Sports venue in Norfolk, UK

The Walks is a football stadium in King's Lynn, Norfolk, England and the home of King's Lynn Town. King's Lynn Town took over the Walks ground from King's Lynn, who had played there since being formed in 1881 before being wound up in 2009.

== History ==
Canvas screens were erected around the ground in 1892 to prevent people watching matches without paying. In 1893 a match was played against Wisbech Town under electric lights. A stand was built in 1896, although it was demolished in 1905, replaced by a 500-seat wooden grandstand built at a cost of £250.

In the mid-1950s the Supporters Club installed terracing for 4,000 and 780 seats on the northern side of the pitch. In 1955 the wooden stand was sold to a company in Spalding and a new grandstand seating 1,400 with a terraced paddock holding 3,000 was built at a cost of £27,000 and opened by then FIFA President and FA Chairman Arthur Drewry on 18 August 1956.

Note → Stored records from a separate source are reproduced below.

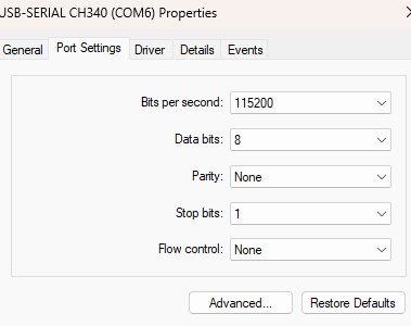 When I opened up the “Port Settings” tab noticed that the default Baud rate was set to 9600, tried to change to the dongle default 2000000 but the max it goes is 128000, so I did set up 115200 on the device manager as shown in the next image.
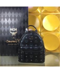 MCM时尚柳钉 PVC配皮 水钻小号 黑色 女士双肩背包
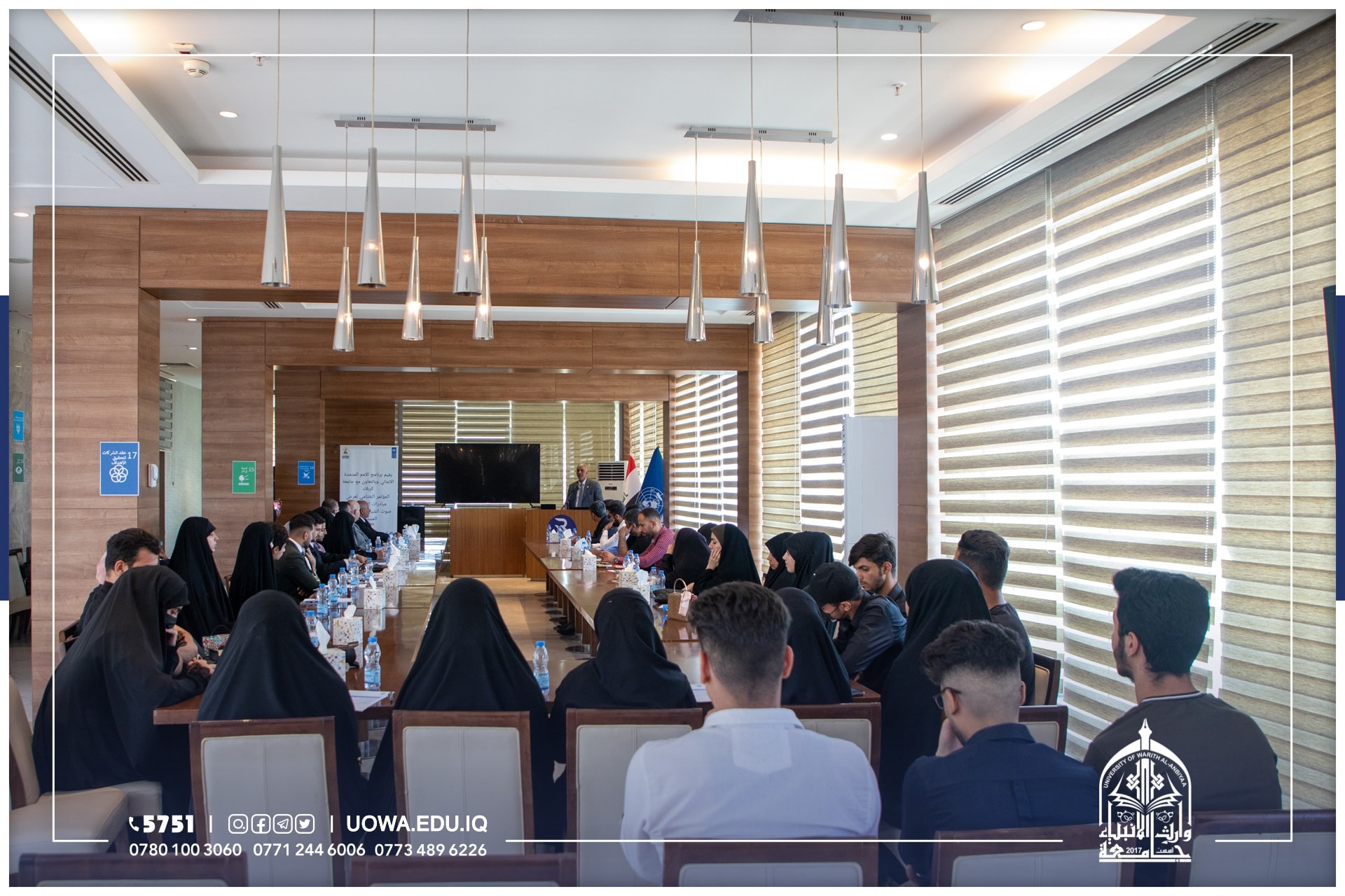 شارك طلبة جامعة وارث الانبياء(عليه السلام) بحضور المساعد العلمي الاستاذ الدكتور عباس الدعمي ومحافظ كربلاء المهندس نصيف جاسم الخطابي، ورئيس جامعة كربلاء الاستاذ الدكتور باسم السعيدي، في "المؤتمر الختامي لعرض مبادرات الشباب في التنمية المستدامة" الذي اقامه البرنامج الانمائي للامم المتحدة.
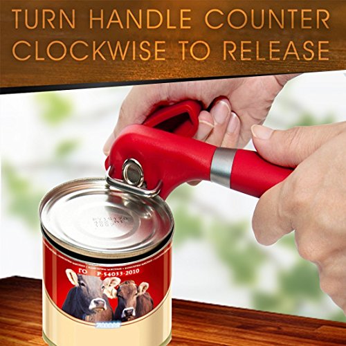 EASY TO USE: This side cutting safety can opener is quite simple to operate. The combination of the big knob, long ergonomic silicon handle, and sharp cutting wheel makes opening cans in a nearly effortless task, even for senior citizen with weak hands from arthritis and wrist problems
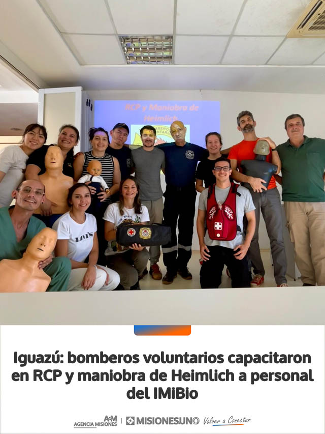 Iguazú: bomberos voluntarios capacitaron en RCP y maniobra de Heimlich a personal del IMiBio
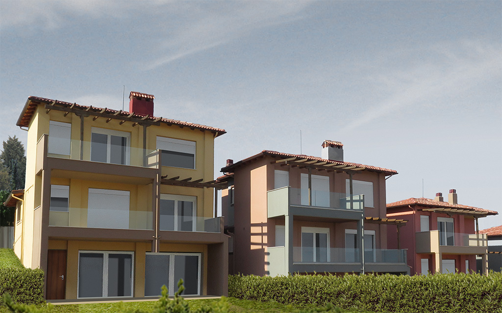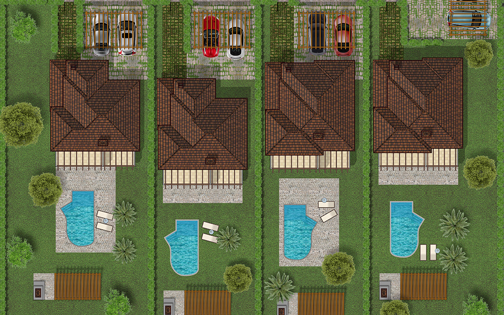 This is a “neighborhood”, of four 2-story maisonettes with a ground floor, in scaled volumes, with cascading volumes, semi open and double-height living rooms and an optional pool. These 4 vertical luxurious properties, with private open spaces, reclaim the land plot’s surface in the maximum degree.
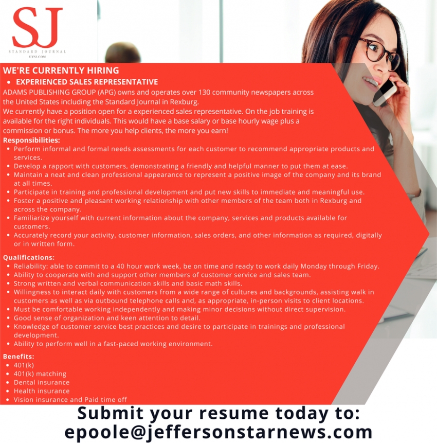 Aug 03, 2022. Standard Journal Sales & Marketing Jobs from East Idaho Jobs

Floodlights were installed in 1963 and used for the first time in a Culey Festival Cup match against Cambridge City on 25 September.

== Attendance ==
The ground currently has a capacity of 8,200 (1,200 seated) though the record attendance at the ground is 12,937, recorded when King's Lynn played Exeter City on 24 November 1951 in an FA Cup first round tie.

== See also ==
- The Walks, Premier urban park in King's Lynn.